Thursday, November 2, 2017

The Slivers of Light in The Dark Ages

Boethius teaching his students
What was the level of darkness in the so-called Dark Ages? If we take the knowledge of Aristotelian ideas as one of the barometers for there being intellectual light in a civilization, then it seems that the European Dark Ages were not as intellectually dark as most popular historians describe it to be.

I am currently reading A History of Philosophy (Volume II): Augustine to Scotus by historian Frederic Copleston. The inference that I draw from the chapters that I have read thus far is that the interest in Aristotle never came to an end in Europe. There was almost a continuous line of scholars from the days of the Roman Empire to the 13th century, when Thomas Aquinas arrived on the scene and took Aristotelianism to a much wider audience, who were taking active interest in Aristotle’s teachings.

Copleston offers brief introduction to several scholars in the Middle Ages who were studying Aristotle and commenting on his ideas.

One of these scholars is Boethius (AD 480—524/5) who, according to Copleston, transmitted to the mediaeval Europeans the knowledge of Aristotelian logic. Boethius wrote several works on logic and translated Aristotle’s Organon into Latin. He has also commented on the Isagoge which was written by Porphyry in Greek during the years 268-270. The Isagoge is an introduction to Aristotle’s Categories. Boethius may have translated other works of Aristotle, because in his extant works he mentions several salient Aristotelian doctrines.

Here’s an excerpt from chapter 10, “Boethius, Cassiodorus, Isidore,” of Copleston’s A History of Philosophy (Volume II): Augustine to Scotus:
Boethius, then, was of very considerable importance, for he transmitted to the earlier Middle Ages a great part of the knowledge of Aristotle then available. In addition, his application of philosophical categories to theology helped towards the development of theological science, while his use of and definition of philosophical terms was of service to both theology and philosophy. Lastly we may mention the influence exercised by his composition of commentaries, for this type of writing became a favorite method of composition among the medievals.

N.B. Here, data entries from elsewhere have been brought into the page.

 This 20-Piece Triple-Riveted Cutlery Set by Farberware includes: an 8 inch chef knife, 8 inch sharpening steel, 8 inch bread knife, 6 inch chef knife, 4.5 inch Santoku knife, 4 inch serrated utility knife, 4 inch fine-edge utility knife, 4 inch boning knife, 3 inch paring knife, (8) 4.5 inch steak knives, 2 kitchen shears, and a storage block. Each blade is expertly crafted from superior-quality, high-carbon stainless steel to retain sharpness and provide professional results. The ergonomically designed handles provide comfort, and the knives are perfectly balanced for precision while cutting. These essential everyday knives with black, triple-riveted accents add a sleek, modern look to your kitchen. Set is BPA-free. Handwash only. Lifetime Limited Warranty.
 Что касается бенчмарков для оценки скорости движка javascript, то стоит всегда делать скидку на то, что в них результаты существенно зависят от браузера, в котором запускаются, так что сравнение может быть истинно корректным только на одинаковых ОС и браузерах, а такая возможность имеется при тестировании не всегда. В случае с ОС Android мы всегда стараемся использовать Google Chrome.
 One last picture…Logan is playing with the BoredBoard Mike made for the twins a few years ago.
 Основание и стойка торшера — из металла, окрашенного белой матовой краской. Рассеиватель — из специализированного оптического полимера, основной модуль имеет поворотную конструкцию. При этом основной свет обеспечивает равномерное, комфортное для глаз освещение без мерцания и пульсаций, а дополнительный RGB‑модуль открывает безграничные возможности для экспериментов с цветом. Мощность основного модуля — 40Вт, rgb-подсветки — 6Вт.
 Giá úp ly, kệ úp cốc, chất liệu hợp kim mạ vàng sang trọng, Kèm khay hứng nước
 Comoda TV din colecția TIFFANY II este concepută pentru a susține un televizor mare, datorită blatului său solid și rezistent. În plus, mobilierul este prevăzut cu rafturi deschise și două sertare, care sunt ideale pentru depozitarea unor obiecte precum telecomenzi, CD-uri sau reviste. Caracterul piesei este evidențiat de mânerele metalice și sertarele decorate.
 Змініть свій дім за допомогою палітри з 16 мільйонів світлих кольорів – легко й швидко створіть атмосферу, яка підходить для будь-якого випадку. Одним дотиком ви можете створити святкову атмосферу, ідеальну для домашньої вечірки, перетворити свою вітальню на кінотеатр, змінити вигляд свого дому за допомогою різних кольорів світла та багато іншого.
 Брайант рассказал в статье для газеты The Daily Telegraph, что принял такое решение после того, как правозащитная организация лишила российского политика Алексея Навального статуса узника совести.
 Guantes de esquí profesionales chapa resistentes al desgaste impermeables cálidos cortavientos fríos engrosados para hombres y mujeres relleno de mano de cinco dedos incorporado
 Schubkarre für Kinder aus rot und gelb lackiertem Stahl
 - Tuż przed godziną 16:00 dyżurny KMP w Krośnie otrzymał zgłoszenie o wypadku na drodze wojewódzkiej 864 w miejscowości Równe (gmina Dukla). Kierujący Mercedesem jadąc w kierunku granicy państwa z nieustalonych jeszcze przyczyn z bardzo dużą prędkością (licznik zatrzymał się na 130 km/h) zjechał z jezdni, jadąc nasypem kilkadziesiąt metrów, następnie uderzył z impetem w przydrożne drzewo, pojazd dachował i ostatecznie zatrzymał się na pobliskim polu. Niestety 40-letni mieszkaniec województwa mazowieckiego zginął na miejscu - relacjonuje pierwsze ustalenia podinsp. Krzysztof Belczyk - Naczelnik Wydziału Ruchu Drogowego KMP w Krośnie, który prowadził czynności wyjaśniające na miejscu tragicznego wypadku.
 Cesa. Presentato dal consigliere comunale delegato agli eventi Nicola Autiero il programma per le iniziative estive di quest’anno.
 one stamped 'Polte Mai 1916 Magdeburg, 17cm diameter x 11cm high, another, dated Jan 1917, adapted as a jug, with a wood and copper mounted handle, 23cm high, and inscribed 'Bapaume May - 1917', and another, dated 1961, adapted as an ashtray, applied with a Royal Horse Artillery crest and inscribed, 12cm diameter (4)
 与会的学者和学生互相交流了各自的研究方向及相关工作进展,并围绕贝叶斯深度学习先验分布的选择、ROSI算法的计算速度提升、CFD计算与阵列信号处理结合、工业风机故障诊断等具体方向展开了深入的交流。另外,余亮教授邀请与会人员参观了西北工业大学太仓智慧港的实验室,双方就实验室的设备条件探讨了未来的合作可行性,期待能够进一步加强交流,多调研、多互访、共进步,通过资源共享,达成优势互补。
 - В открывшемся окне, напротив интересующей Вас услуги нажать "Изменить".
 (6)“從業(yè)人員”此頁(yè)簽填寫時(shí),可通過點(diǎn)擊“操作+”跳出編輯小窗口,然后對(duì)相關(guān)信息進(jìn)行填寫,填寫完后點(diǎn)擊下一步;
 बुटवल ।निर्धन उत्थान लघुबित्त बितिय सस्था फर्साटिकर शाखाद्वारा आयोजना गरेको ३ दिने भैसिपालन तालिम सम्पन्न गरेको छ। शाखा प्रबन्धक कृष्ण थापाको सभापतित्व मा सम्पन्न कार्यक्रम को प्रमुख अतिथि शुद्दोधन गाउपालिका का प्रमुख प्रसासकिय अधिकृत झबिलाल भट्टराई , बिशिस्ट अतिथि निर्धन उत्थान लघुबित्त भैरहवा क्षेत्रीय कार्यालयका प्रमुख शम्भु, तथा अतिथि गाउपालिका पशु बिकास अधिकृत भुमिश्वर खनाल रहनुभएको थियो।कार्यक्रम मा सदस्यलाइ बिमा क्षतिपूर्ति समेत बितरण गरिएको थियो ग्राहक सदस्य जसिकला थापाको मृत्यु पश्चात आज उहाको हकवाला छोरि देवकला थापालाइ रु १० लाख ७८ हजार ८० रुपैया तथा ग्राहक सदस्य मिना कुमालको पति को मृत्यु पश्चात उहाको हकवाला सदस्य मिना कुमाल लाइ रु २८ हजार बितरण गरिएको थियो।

Even if not particularly remarkable as an original and independent philosopher, Boethius is yet of major significance as a transmitter and as a philosopher who attempted to express Christian doctrine in terms drawn, not simply from the neo-Platonists, but also from the philosopher whose thought was to become a predominant influence in the greatest philosophical synthesis of the Middle Ages.  
Boethius’s work was carried forward by his two pupils, Cassiodorus and Isidore. The Stanford Encyclopedia of Philosophy has lot of interesting information on  Boethius’s life and works.